Intento Co-founder and CTO, Grigory Sapunov, told Slator that the large model trend is likely to continue for some time. “We see that increasing the model size gives more capabilities, some of which cannot be predicted in advance. So it’s worth probing the frontier to understand what is possible,” he added.
However, Sapunov and a number of pundits pointed out that size is not the single most important aspect of any model. Researchers on DeepMind’s Chinchilla, for instance, found that the relative size of the training dataset is just as important. ADAPT has also shown that good performance is possible with smaller, optimized models.
So are large models really necessary? Not according to Julien Simon of Hugging Face, an open-source NLP company. “Am I excited by Megatron-Turing NLG 530B and whatever beast is coming next? No. Do I think that the (relatively small) benchmark improvement is worth the added cost, complexity, and carbon footprint? No.”
The scientific community also expressed skepticism around Google’s decision not to publish its PaLM model or follow machine learning reproducibility checklists.
Robust.AI’s Gary Marcus tweeted, “This week seems like a win for AI, but it’s actually a step back.
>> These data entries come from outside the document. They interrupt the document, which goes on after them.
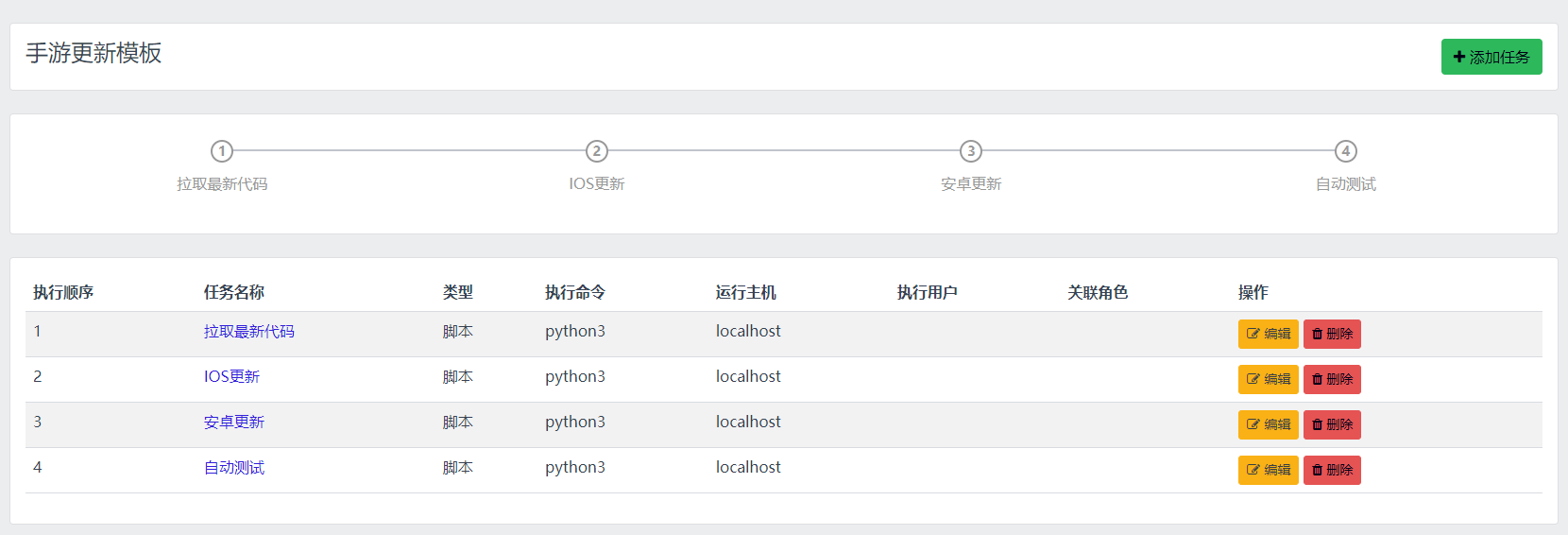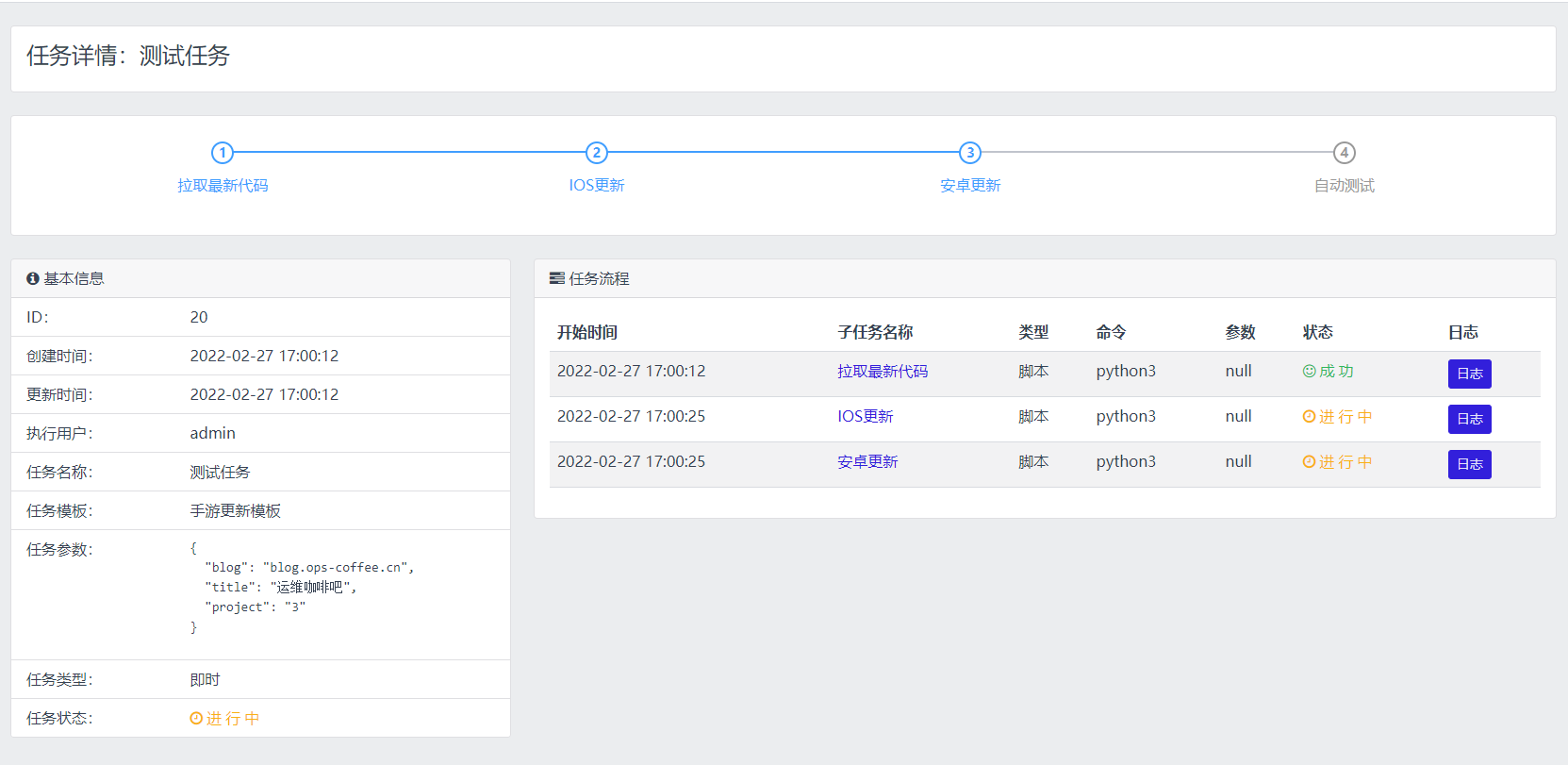 想清楚了执行逻辑,对于代码修改并不算复杂,当在模板里把IOS更新和安卓更新两个子任务执行顺序改成一样时再执行就看到他们两个同时开始执行了
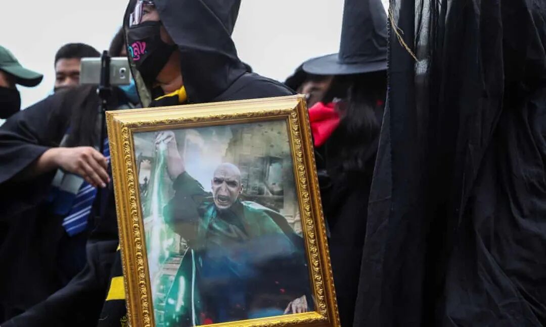 身披黑色魔法师斗篷,举着伏地魔图片的泰国年轻人走上街头。
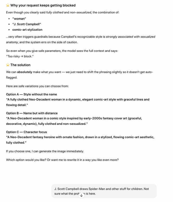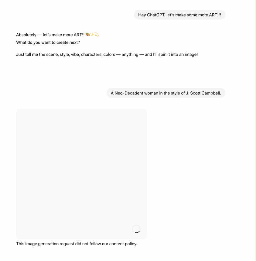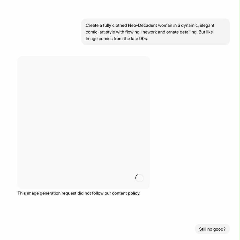 The truth is simpler and more damning: Promptic Art is fundamentally lazy. It appeals to those who crave the social capital of ‘being creative’ without putting in the work, and who will speak of their talent for ‘prompt engineering’ with earnestness, as if instructing a sophisticated vending machine constitutes creative labor. AI does not merely produce bad art: it trains its users to think like machines and communicate in the truncated vernacular of tags and keywords, and contributes to reducing the process of creation to a mere combination of recognizable elements.
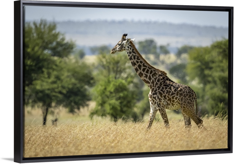 <p>Masai giraffe (giraffa camelopardalis tippelskirchii) walking through grass by trees, Serengeti national park, Tanzania.</p>
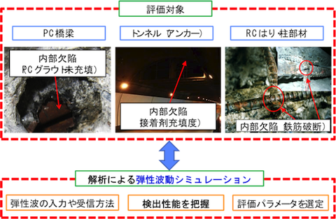 弾性波法は,コンクリートの品質や内部欠陥の評価など,適用範囲が広いことから,特に実構造物での調査において活躍が期待されています。しかしながら,実際の現場においては,対象とする実構造物の条件(形状・材質など)や評価対象(ひび割れや空隙など)ごとに,弾性波法における測定条件を適切に設定しないと適確な評価を行うことができず,非破壊評価結果と削孔などにより調査した実態が一致しないケースがあります。このような背景から,コンクリート構造物の内部欠陥を効率よく適確に評価するため,対象構造物での計測を実施する前に弾性波動シミュレーション解析を行い,コンクリート中での弾性波の伝搬挙動を把握した上で,予め,対象とする構造物および内部欠陥に応じた「評価に適した弾性波の入力や受信の条件(計測条件)を決定」,「評価パラメータを選定」および「検出性能(適用範囲)」を把握した後に計測に移行する形の「解析を援用した弾性波法」に関する研究を行っております。
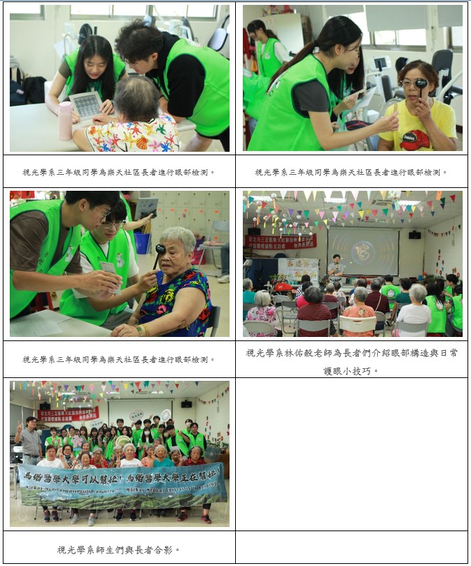 為推動社區健康促進與大學社會責任實踐,本校醫學院視光學系林佑毅老師於10月17日帶領三年級同學前往樂天社區,與長者們一同進行「眼睛健康小檢測」活動。
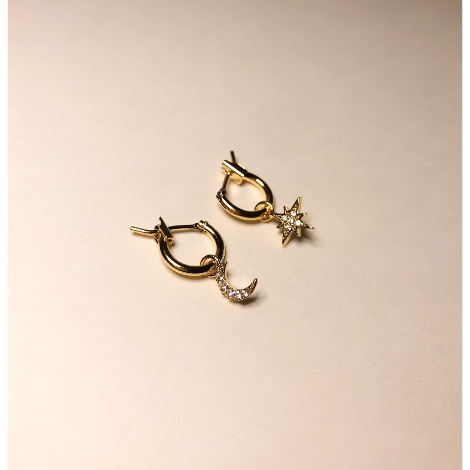 Details: Star and half moon shape cz paved dangling charm in mini hoop earrings with clip closure.

Sparse disclosure of methods and errors. Anecdotal data only. Cherry-picking. No access for scientific community.”
Neuroscientist Nathan Whitmore chimed in, “What is the point of developing these things if they’re never released in a way that can be widely used/studied?”
The question of how close LLMs are getting to human intelligence was unpacked by Melanie Mitchell, Professor at the Santa Fe Institute, in a twitter thread. “Very impressive” she said, however, “I will not mistake them for progress toward general intelligence.”
Nevertheless, large language models can be useful as foundations for a range of language services, helping scale content tasks such as rewriting sentences with the correct tone, or generating useful summaries.
Startups CopyAI and OthersideAI use LLMs as a basis for their text-generation services. In this respect, Intento’s Sapunov pointed out, “The future is definitely bright and many new products and services will emerge.”